Ender's game is a great book! It has a good plot and a exciting ending. You become connected to the characters and find yourself hoping the best for them.
I watched the movie before reading the book so I knew how it would end, but they missed a few things in the movie and changed some things. Loved both the book and the movie though! 4 1/2 stars.

s
SULAV SHAKYA
Jun 27, 2017

This book has a very slow start and a very slow middle. It gets exiting a bit then it gets back to boring. Just as entertaining as a Michael Bay movie, all action and no real plot to it. Unless you like that, it's not really a good book, and it is quite boring at some times.

b
BurgensisClaudi
Feb 07, 2017

"Ender's Game" is disappointing, especially for a Hugo Award winning novel. There's some good stuff in it, to be sure. It moves along at a fair clip, and Andrew Wiggin is a decent protagonist...I want him to succeed. But, the central storyline makes no sense. Here I must warn those of you who hate SPOILERS that there will be SPOILERS in the following paragraph. If you don’t like SPOILERS, stop reading. You’d better stop! I mean it! Okay…are you gone now? The rest of you follow me.

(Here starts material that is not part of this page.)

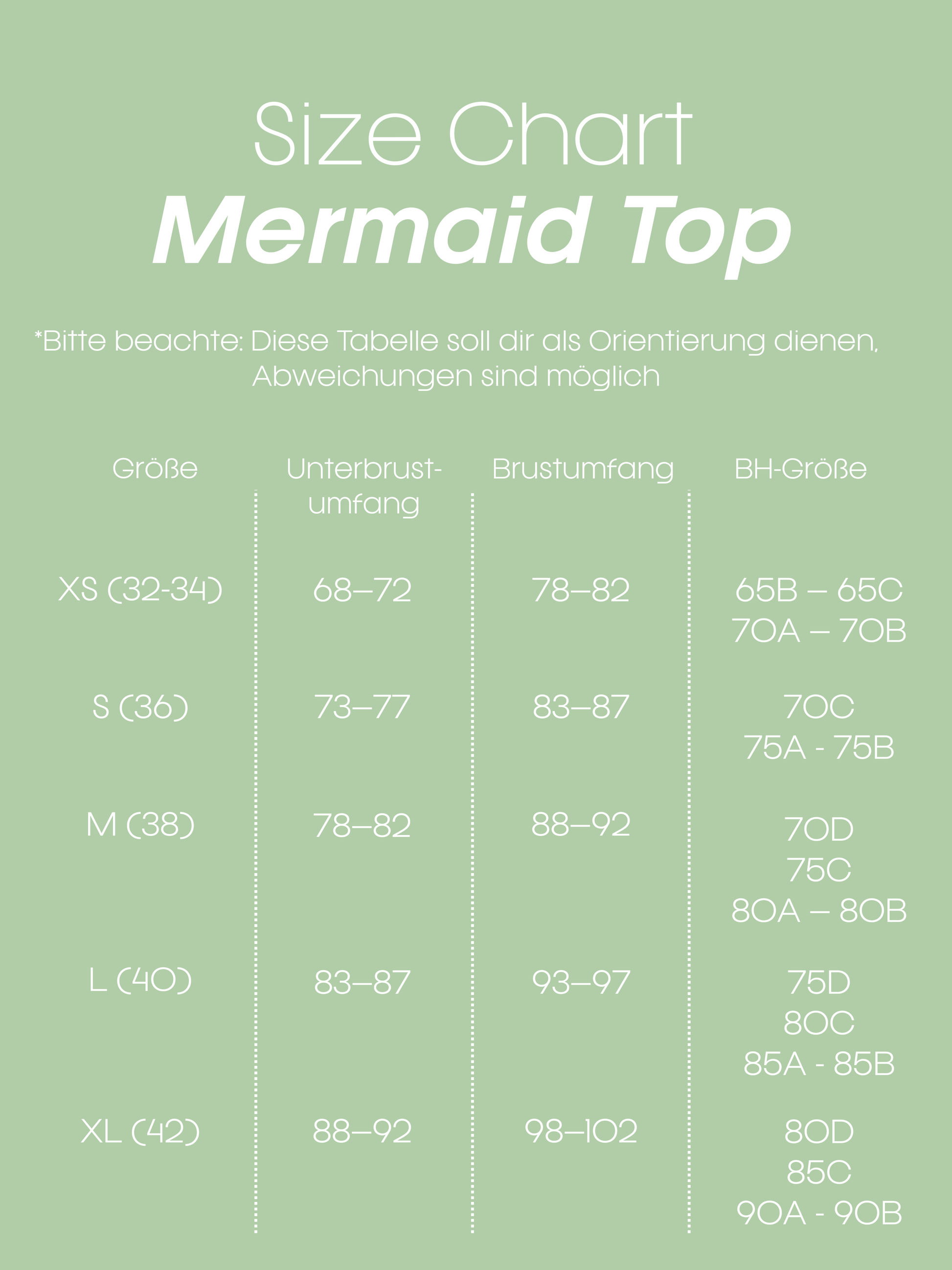 Das Bikini-Top Mermaid zeichnet sich aus durch seine Vielseitigkeit. Es besteht im Wesentlichen aus einem Bandeau-Top, welches mit vier einzelnen Trägerteilen ergänzt werden kann. Dieses Oberteil ist inspiriert von den modischen Elementen der 50ger Jahre und bringt den zeitlosen Retro-Look neu interpretiert zurück. Es kann mit Trägern oder trägerlos getragen werden. Das leuchtend hellgrüne Top ist auch noch in weiteren Farben erhältlich.
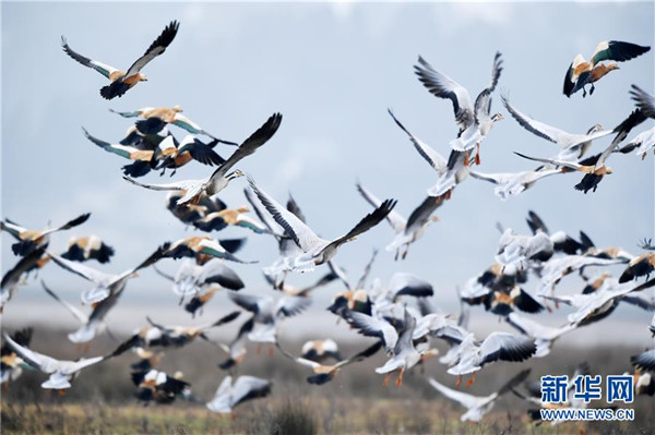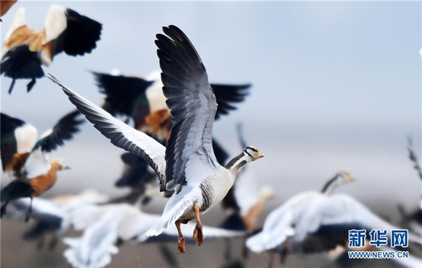 12月11日在貴州草海保護區(qū)拍攝的越冬的斑頭雁和赤麻鴨。新華社記者楊文斌攝

Why does the Academy use such an inefficient method of teaching its students how to fight the Buggers? Throwing a bunch of kids into zero gravity and telling them to go at it with stun guns bears little resemblance to the real Bugger battles. The Bugger battles are fought using command stations (like glorified video game consoles) that control huge armadas of human-piloted spaceships. The obvious training method, it seems, would be a no-brainer; kids love video games…let them play simulation games in which they control armadas to destroy Bugger armies, using the well-documented Bugger strategies the Academy has in its collection of historical battles. Instead of doing this, however, the Academy does the exact opposite. By the time the actual combat starts, the Academy lies and tells Wiggin and his underlings that they are playing simulated combat. Thrilling, to be sure, but realistically, that strategy falls somewhere between wishing on a star and incompetent negligence. Camaraderie aside, the whole Academy training seems half-baked. I blame this dubious plot construction on the author, who does nothing in this novel (nor in future installments of the series) to convince me that logic played a part during story development. If you want me to engage in the willing suspension of disbelief, Mr. Card, you’re going to have to try harder than that.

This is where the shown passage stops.